4.2. Impact of Human Activities on the Potential Geographical Distribution of Giant Pandas

In recent years, with the strengthening of wildlife protection in the Qinling Mountains, human activities such as hunting, logging, and medicinal collection have decreased, providing a period of respite for wildlife [48]. However, the development of socio-economic factors and the continuous expansion of human living areas have led to new disturbances like road construction, which has had a greater impact on habitat protection and population connectivity [49]. From a historical perspective, giant pandas have inhabited warmer regions at lower altitudes but due to human interference, giant pandas have been migrating to higher altitudes to avoid human pressure [50]. In the last century, giant pandas could be found at altitudes as low as 500 m above sea level. Nowadays, they are mainly concentrated in coniferous forests at high altitudes away from human interference [51]. It is evident that forest logging and hunting by humans have significantly impact the survival of giant pandas. This study reveals that above an altitude of 1500 m in the Qinling Mountains, there is a rapid increase in the probability of giant pandas’ presence.

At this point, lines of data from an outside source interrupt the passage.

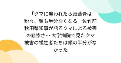 「クマに襲われたら頭蓋骨は粉々、顔も半分なくなる」佐竹前秋田県知事が語るクマによる被害の悲惨さ… 大学病院で見たクマ被害の犠牲者たちは顔の半分がなかった
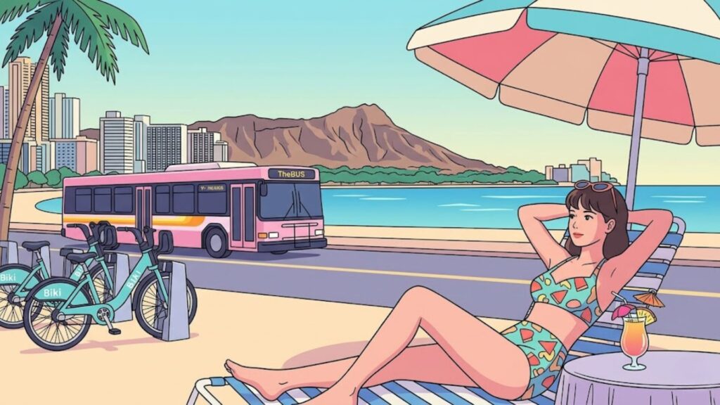 GoHawaiiは公共交通、ライドシェア、バイクシェア、ツアー会社など複数の移動手段を案内しており、TheBusもワイキキ発の来訪者向けガイドを用意しています。
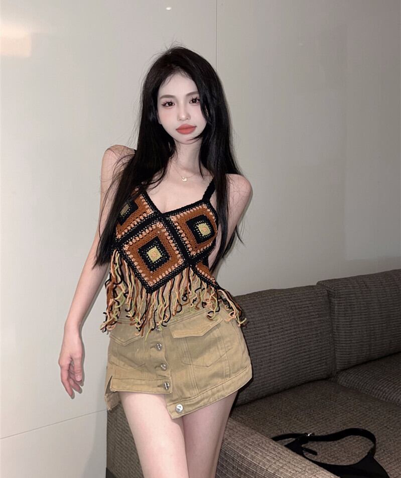 ボヘミアン ニット キャミソール レディース 夏 スイートスパイス ノースリーブ Vネック コントラスト フリンジ トップス アウター 大人ガーリー スウィート キュート カジュアル サマー 夏物 bstraw70477823040 | beaute25
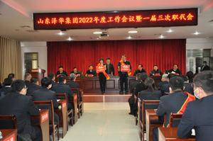 2022年1月23日上午,在集團公司二樓會議中心,召開山東澤華集團2022年工作大會暨工會一屆三次職代會。出席本次會議的領(lǐng)導(dǎo)有市財政局副局長崔登斌、市住建局副局長周振國、工程科科長齊文波、青云街道辦事處主任丁洪存、副主任譚茂安、工委主席牛均亮。參加會議的還有集團公司領(lǐng)導(dǎo)班子、各公司領(lǐng)導(dǎo)班子、全體管理人員、項目經(jīng)理、華通物業(yè)相關(guān)負(fù)責(zé)人、潤發(fā)建工企業(yè)代表。大會由集團黨委書記田清坤同志主持召開。

This may be attributed to agricultural planting activities being restricted below an altitude of 1400 m due to climate conditions. Furthermore, the prohibition of logging, gathering, and hunting within nature reserves limit human activities above an altitude of 1400 m. The population density of giant pandas is much higher compared to surrounding areas [52]. Other studies also indicate that giant pandas have high selectivity towards altitude [53], but there are variations in their preferred altitude range across different regions. Giant pandas are hydrophilic animals, and the appropriate altitude range not only avoids human interference, but also provides an environment suitable for their main food source, bamboo, to grow, ensuring sufficient resources for them. In addition, this study found that the impact of settlements and roads on the potential geographical distribution of giant pandas cannot be ignored. The closer to settlements and roads, the stronger the interference they are subjected to, resulting in a lower probability of giant pandas’ appearance. The model results show that the probability of giant panda presence increases rapidly beyond 2.5 km from settlements and 1.2 km from roads, indicating that human activities have an undeniable impact on the potential geographical distribution of giant pandas.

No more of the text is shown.